Su obra es de lectura indispensable pero siempre difícil. Y como ante las grandes obras,
bien vale la pena dobles o triples lecturas, siempre devolverán cosas nuevas e
inteligentes, aunque cueste. Sobre su prosa se ha escrito y se ha dicho muchísimo, desde
las quejas de los estudiantes a las protestas de los colegas, exigidos a interactuar con
textos densos y brillantes, que no admitían lecturas dóciles ni simplificaciones
esquemáticas. Puede decirse que esa escritura tan difícil era la expresión de su
pensamiento profundo e irónico, de una arborescencia reflexiva que a menudo
desbordaba la gramática, con sus eternas digresiones y subordinaciones. Escucharlo
hablar era también una tarea fascinante pero exigente: cautivaba a sus interlocutores aun
provocándolos y sus argumentos siempre eran fundados aunque nunca lineales.
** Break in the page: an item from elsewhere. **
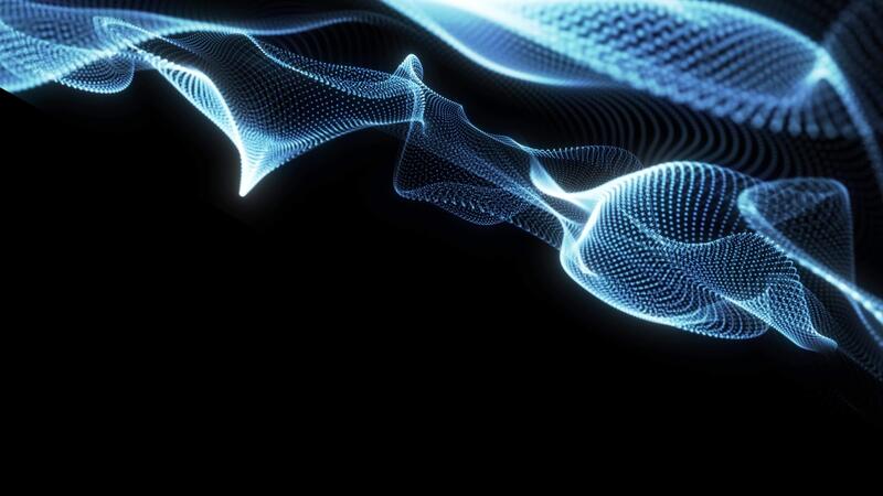 Abstract digital dynamic particle waves with motion light background, data flow on dark background. 3d rendering. Pro Video

En los
debates en los congresos seducía con su extraordinaria erudición y con su rapidez
mental, que en los últimos tiempos contrastaba tanto con la fragilidad manifiesta de su
cuerpo. Y sin embargo, hasta los últimos momentos, demostró mantener una mente
poderosa, aguda, punzante.
Murió lejos de la Argentina, país al que más allá de su estilo amaba y sobre el que
siempre mantuvo un interés casi obsesivo. También quería y conocía muy bien al
Uruguay, en donde siempre tuvo la mejor hospitalidad en la casa de sus entrañables
amigos, Juan Oddone y Blanca Paris. Fue en esas veladas interminables que muchos
historiadores uruguayos pudimos conocerlo de cerca, discutiendo, admirándolo, también
cuidándonos de no caer bajo su ironía inclemente. Tampoco fue casual su estrecho
vínculo con Carlos Real de Azúa, a quien quiso y admiró mucho, como da cuenta su
extraordinario prólogo al primer tomo de sus “Escritos”. Más allá de diferencias,
ambos tenían también mucho en común, en especial una inteligencia casi “maliciosa” y
un sentido del humor temible.
Como bien ha dicho su amiga Beatriz Sarlo, “nos hará falta”. Lo extrañaremos, aunque
de seguro podremos reencontrarnos con él leyéndolo y releyéndolo a fondo, hurgando
en su genialidad y en las pistas e hipótesis que ha dejado sobre el pasado
latinoamericano. Aunque era un argentino sin remedio (lo que sin duda nunca me
hubiera animado a decirle), nunca lo vi cultivar el nacionalismo historiográfico, esa
manera provinciana de historiar que no es para estos tiempos. Eso lo hacía más
universal y, al mismo tiempo, le daba la distancia necesaria para entender más los
enigmas argentinos, que tanto le obsesionaban. Lo recuerdo bien rechazando los elogios
que se le hacían, casi que enojándose con ellos. Sin embargo, cuesta mucho ante su
muerte no recordarlo como un maravilloso historiador, como un intelectual apasionado
con la indagación del pasado, que sin embargo no rehuyó la vía del ensayo para jugar
también su papel en la comprensión del tiempo que le había tocado vivir. Su vida y su
obra constituyen un rico testimonio de lo que puede ser el legado de un intelectual.